The invention relates to a magnesium-iron-calcium complexing compound flux for a puddling and sintering ore. The magnesium-iron-calcium complexing compound flux for the puddling and sintering ore is prepared from the components in percentage by mass: 0.25 percent to 0.75 percent of organic high-viscosity material, 11 percent to 13 percent of oxygenation sintering flux, and 86.25 percent to 88.75 percent of flux carrier. The organic high-viscosity material is a mixture of one or two of carboxymethylcellulose and a water soluble resin and is 0.25 percent to 0.75 percent by mass; the oxygenationsintering flux is iron oxide red (Fe2O3), has the granularity being less than or equal to 0.044mm, and is 11 percent to 13 percent by mass; and the flux carrier is a mixture of one or two of high-ironhigh-calcium refiring magnesium powder and calcite powder, and is 86.25 percent to 88.75 percent by mass. According to the magnesium-iron-calcium complexing compound flux for the puddling and sintering ore provided by the invention, more than 90 percent of sintering mixture is bonded and pelletized, so that the permeability of a sintered layer is improved, the height of the sintered layer is favorably increased, the solid fuel consumption is reduced, and low-temperature sintering is realized. The permeability of a sintered layer is improved, the sintering speed and the yield are improved, low-negative-pressure air-extracting and sintering can be adopted, the electric consumption is saved, and the energy is saved.

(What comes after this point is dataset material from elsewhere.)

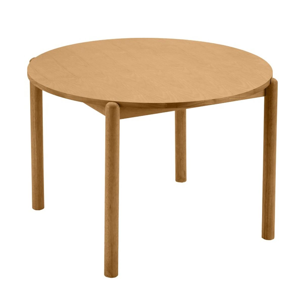 Okrągły stół Yoko z naturalnym wykończeniem i drewnianymi nogami. .. więcej

The sintering method comprises the following steps: S1, carrying out crushing and ball-milling treatment on coarse-grained ferromanganese ore, limestone and return mine, and then carrying out high-pressure roller milling to obtain a pretreated raw material; s2, after the pretreated raw materials are subjected to optimized ore blending, a binder is added and mixed uniformly, and a mixture is obtained; s3, pelletizing the mixture obtained in the step S2; s4, carrying out external rolling on the green pellets to obtain a solid fuel, so as to obtain a uniformly mixed material; and S5, distributing the uniformly mixed material, and then sequentially performing drying, ignition sintering, heat preservation, cooling, crushing and size stabilization to obtain finished pellets. In order to solve the problem that a liquid phase is difficult to form in the ferromanganese ore sintering process, a ball milling and high-pressure roller milling combined treatment process is utilized, the specific surface area of the ferromanganese ore is increased, the surface activity and reaction activity of the ferromanganese ore are improved, migration and activation of atoms in the high-temperature sintering process are promoted, the forming ability of a sintering liquid phase is improved, and the liquid phase amount is increased, so that the liquid phase consolidation effect of the ferromanganese ore is promoted; the sintering strength is improved.